Lawfare: Summary: Circuit Split on Device Searches at the Border in US v. Touset by Grayson Clary:

More and more federal courts are confronting the question whether the government’s traditional authority to search persons and property at the border—without a warrant, and typically without any degree of individualized suspicion—extends to travelers’ electronic devices. Two circuits, the fourth and the ninth, have concluded that investigators need at least reasonable suspicion to conduct forensic device searches in light of the stark privacy interests at stake—interests the Supreme Court recognized in Riley v. California. On May 23, the Eleventh Circuit rejected that approach, ruling in United States v. Touset that suspicion is never required for device searches at the border and opening a circuit split that may draw the Supreme Court’s attention.

Two months ago, in United States v. Vergara, the Eleventh Circuit rejected a child pornography defendant’s argument that device searches require a warrant in the wake of Riley.

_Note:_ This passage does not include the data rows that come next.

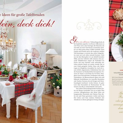 Besonders an Weihnachten liebe ich, dass man einmal die Möglichkeit hat, sich lieben Menschen und dem eigenen schönen Zuhause ohne Zeitdruck zu widmen. Gerne entschwinde ich auch in ein gemütliches Chalet in die Berge, um Abstand zu gewinnen, und wenn wir dann für ein paar Tage einschneien, ist das Winterglück perfekt. Meine Lieblingsgeschichte im Buch ist „Alles sieht so festlich aus“ (ab S. 52) und der Tisch, an den ich mich am liebsten setzen würde befindet sich auf Seite 121."
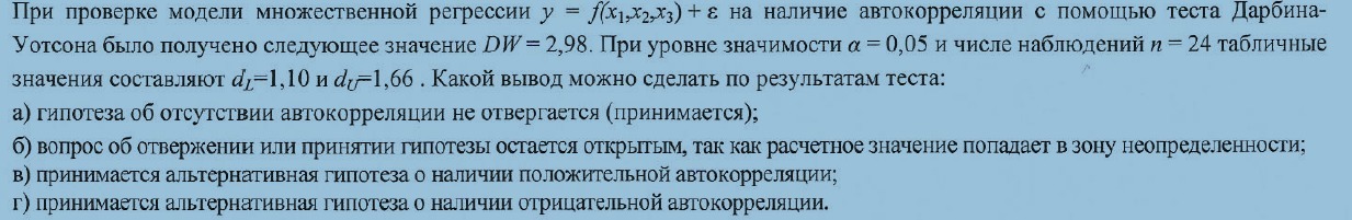 Ответ: г) принимается альтернативная гипотеза о наличии отрицательной автокорреляции;
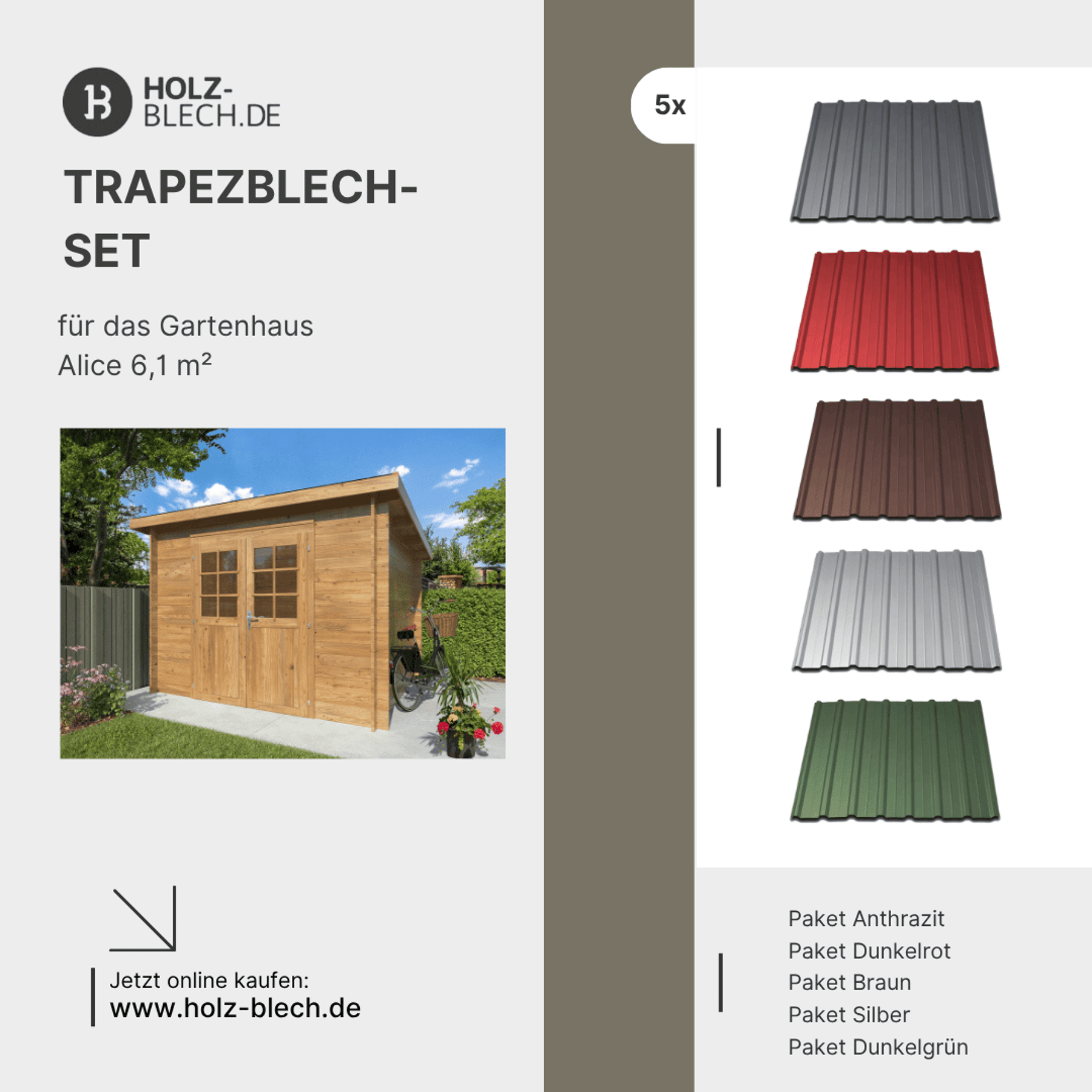 Trapezblech Set für Gartenhaus Alice 6,1 m²
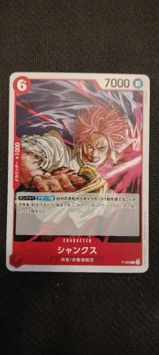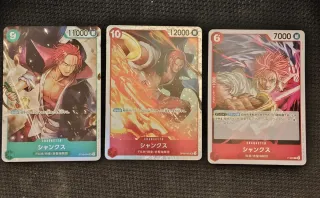 Set di 3 carte del personaggio Shanks dall'universo di One Piece. - Carta 1: Shanks, Potenza 11000, Costo 9. - Carta 2: Shanks, Potenza 12000, Costo 10. - Carta 3: Shanks, Potenza 7000, Costo 6, +1000 Contatore.

In a brief opinion, the panel emphasized that Riley “expressly limited its holding to the search-incident-to-arrest exception.” Judge Jill Pryor stressed in dissent that Riley’s reasoning sweeps more broadly. The Supreme Court’s description of the privacy concerns raised by device searches applies as much to travelers as arrestees. And its key question in Riley—whether “application of the [warrant exception] to a particular category of effects would untether the rule from the justifications underlying the exception”—could be asked at the border too. The dissent emphasized that the border exception is usually grounded in the need to intercept contraband, a rationale that loses much of its force when applied to data that could just as well enter the country through the internet. But the court’s majority wasn’t moved by that reasoning.